To date, the best studied natural supplements for psychiatric disorders during the perinatal period are omega-3 fatty acids (i.e. n-3 PUFAs) for MDD, with a meta-analysis revealing the important role of n-3 fatty acid deficits in perinatal depression (Lin et al. Citation2017). Randomised controlled trials have suggested modest efficacy for the acute treatment of perinatal depressed mood, especially postpartum depression (Mocking et al. Citation2020; Sarris and Freeman Citation2020). Omega-3 fatty acids may be more effective for depressed mood during mid-to-late pregnancy (Mocking et al. Citation2020). Notably, there may be obstetrical benefits to omega-3 fatty acid supplementation, such as modestly lengthening gestation (Kar et al. Citation2016). Deficiencies of certain vitamins, including D3 (cholecalciferol) and others, can cause obstetrical complications and poor infant outcomes (Sharef et al. Citation2020). Folic acid is also a critically important nutritional supplement for women of reproductive age, especially women who are planning pregnancy or are already pregnant. Folic acid supplementation during pregnancy is known to prevent birth defects and a growing number of studies support its long-term benefits on neurodevelopment of children (Lassi et al. Citation2013); however, as noted in the present guidelines, data are not supportive of folic acid supplementation per se for psychiatric disorders (Bedson et al. Citation2014; Roberts et al. Citation2018). A recent review of nutraceutical research, highlighted the common prenatal use of folic acid, phosphatidylcholine, and Vitamins A and D, and found a potential application (within safe dosage levels) for both potentially impacting long term prevention of psychiatric disorders in the mother, and their effects on healthy neurodevelopment in the foetus (Freedman et al. Citation2018).

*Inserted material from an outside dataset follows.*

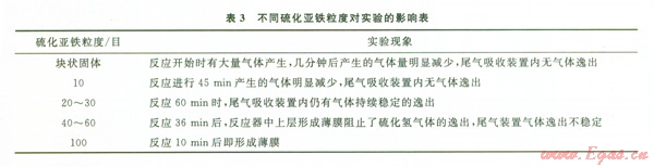 由表3中的實(shí)驗(yàn)現(xiàn)象確定反應(yīng)物硫化亞鐵的粒度為20目。
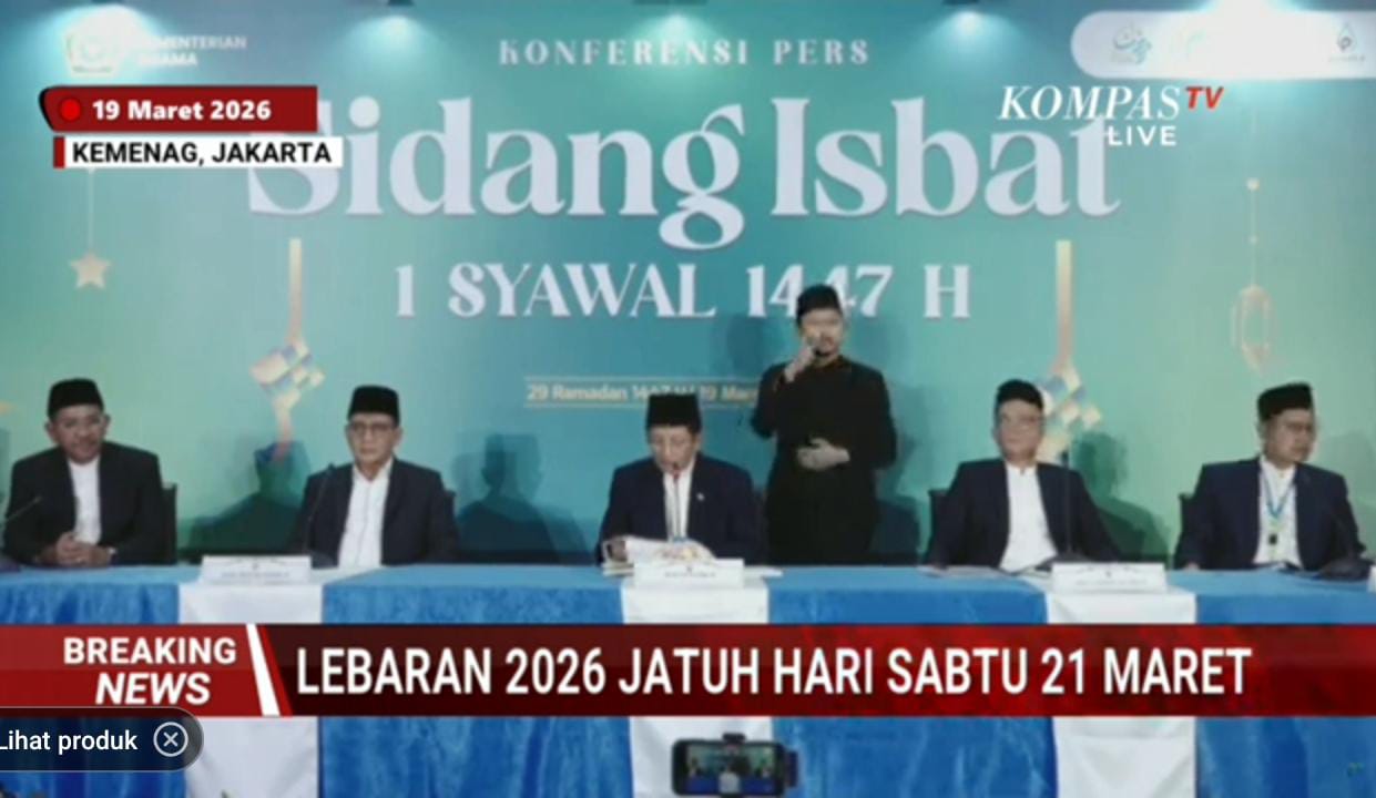 “Berdasarkan hisab dan tidak adanya hilal terlihat, disepakati bahwa 1 Syawal 1447 Hijriah jatuh pada Sabtu 21 Maret 2026,” kata Menteri Agama (Menag) RI Nasaruddin Umar dalam Konferensi Pers Sidang Isbat 1 Syawal 1447 Hijriah di Kantor Kemenag, Jakarta, Kamis 19 Maret 2026.

With respect to paediatric considerations, there is a long history of using single nutrients to treat psychiatric disorders in children with overall limited success. The majority of studies investigating nutraceuticals and phytoceuticals in children and adolescents focus on ADHD (Chang et al. Citation2018), with a few studies on other paediatric psychiatric disorders, such as mood and anxiety disorders (Fristad et al. Citation2019; Trebatická et al. Citation2020). No phytoceutical was identified as efficacious for ADHD; while we found only weak evidence for vitamin D as a potential monotherapy or adjunctive treatment of ADHD, with other isolated nutraceuticals showed mixed or no effects above placebo. While there was provisional evidence for modest beneficial effects of a broad spectrum micronutrient in paediatric ADHD, large placebo-controlled studies are needed to determine whether broad spectrum micronutrients are more efficacious than combinations of select micronutrients. Current evidence for omega-3 fatty acids used as a monotherapy or adjunct to medications for ADHD is mixed, and limited evidence suggests that omega-3 fatty acid supplementation may be beneficial in cases of deficiency (Chang et al. Citation2018; Cornu et al. Citation2018; Crippa et al. Citation2019). This raises the broader issue about whether baseline nutrient status informs efficacy. In general, it is intuitive that efficacy might be greater in instances of baseline deficiency, but this hypothesis largely remains unexplored. If validated, it would support precision approaches to nutraceutical therapy.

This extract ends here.